7 things you need to know about the Olympic Women's Golf Competition
If you paid attention to even one minute of the Olympic men's golf coverage last week, you probably know that Justin Rose won the first golf gold medal in 112 years. But you probably don't know that someone will end an even longer drought on the women's side this week. American Margaret Abbott is the only woman ever to win the Olympic golf competition, doing so in 1900. Abbott was also the first woman to win an Olympic gold medal. Well, sort of.
Abbott actually took home a porcelain bowl for winning the nine-hole event in Paris, because there were no Olympic gold medals yet. Bummer. But fast forward 116 years and we'll finally see another Olympic champ in women's golf. And to prepare for the tournament, here are seven other things you actually need to know.
1. The women's field is much stronger than the men's.
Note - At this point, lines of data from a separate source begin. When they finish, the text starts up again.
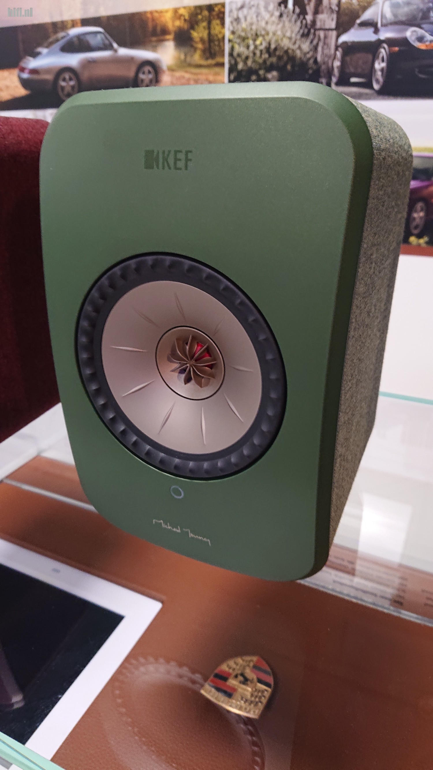 De schijnwerpers richten op de diverse demoruimtes van GP Acoustics in het Koning Willem II Stadion kan natuurlijk niet zonder de kleinste nieuwe telg van KEF te (her)bezoeken: de KEF LSX.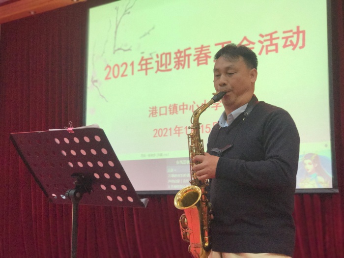 陽(yáng)光燦爛,那是新年絢麗的色彩,悠揚(yáng)的薩克斯風(fēng),是新年動(dòng)人的旋律,羅福林老師為大家演奏《愛(ài)拼才會(huì)贏》,美妙的音樂(lè),讓大家感受到了春的氣息,充滿新的動(dòng)力。最后,由范苑芳老師指揮,黃嘉儀、高子晴兩位小朋友領(lǐng)唱,全體老師合唱《新年好》,大家相聚一起,敞開(kāi)心扉,釋放激情,一起高歌,迎接新年。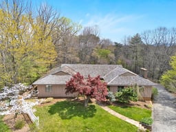 First time on the market! Rare chance to be at the top of the hill with a view in this one-of-a-kind home overlooking the mountains and Roanoke Valley. Set on a private .67 acre wooded lot at the end of a cul-de-sac, this stunning cedar-sided ranch with 3,877 sqft and 4 bedrooms. New cedar roof in 2022. The fenced backyard features a custom pool, flagstone paver deck and multiple entertaining areas. Huge eat-in-kitchen with granite island, pantry and sliders to new deck. One-owner home full of historic character. Foyer with stone floor and arched entryway, large great room with stacked stone gas fireplace, midcentury wallpaper, and original details throughout. All bedrooms are spacious! The private primary suite has 2 walk-in closets and bath. Convenient access to laundry in half bath on main floor. Downstairs offers a bonus family room with gas log fireplace, built-in desk and shelving perfect for home office, workshop, plentiful storage space, mudroom and 2-car gara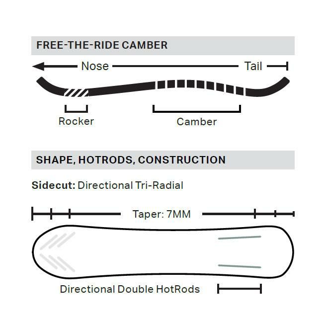・Free-The-Ride Camber構造でノーズの浮力とテールのグリップを両立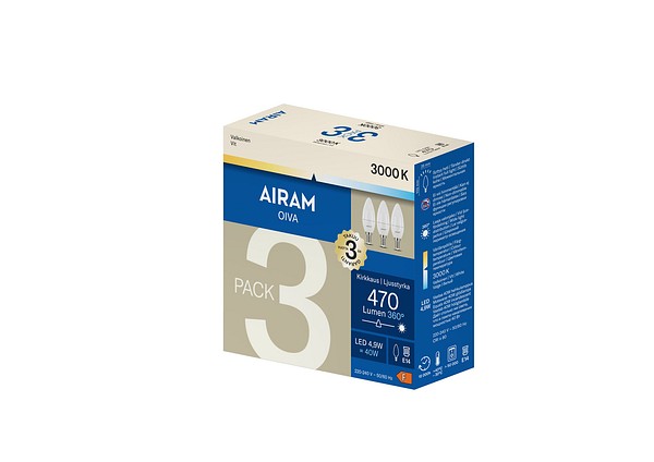 | LED C35 830 470lm E14 OP 3BX | Airam opaali kynttiläkupu E14 3000K 470lm 3kpl |

Whereas six of the top 10 in the Official World Golf Ranking didn't play in the men's event, the top nine players in the Rolex Ranking (which uses a similar calculation) will tee it up in Rio this week. That number would be even more stout, but No. 10, Ha Na Jang, wasn't eligible because she was only ranked fifth among South Korean women. Further evidence of the strength of this week's 60-woman field is how much more valuable this tournament is worth. Whereas the men's event actually awarded fewer world ranking points than the Travelers Championship the week prior, there are a lot more points at stake for the women.
2. The women's schedule is even crazier than the men's.
A hectic summer schedule was part of the reason for poor attendance on the men's side, but the women are in the midst of arguably an even busier stretch of golf. With the U.S. Women's Open, Women's British Open and next month's Evian Championship, the Olympics competition sits in between three majors in a two-month stretch. Plus, there was also last month's International Crown in which most of the top players competed. By the way, unlike the men's event, the Olympic women's golf competition starts on Wednesday and ends on Saturday to avoid Sunday's closing ceremony. Again, the tournament ends on Saturday, NOT Sunday. Set your DVRs accordingly, and don't say we didn't warn you.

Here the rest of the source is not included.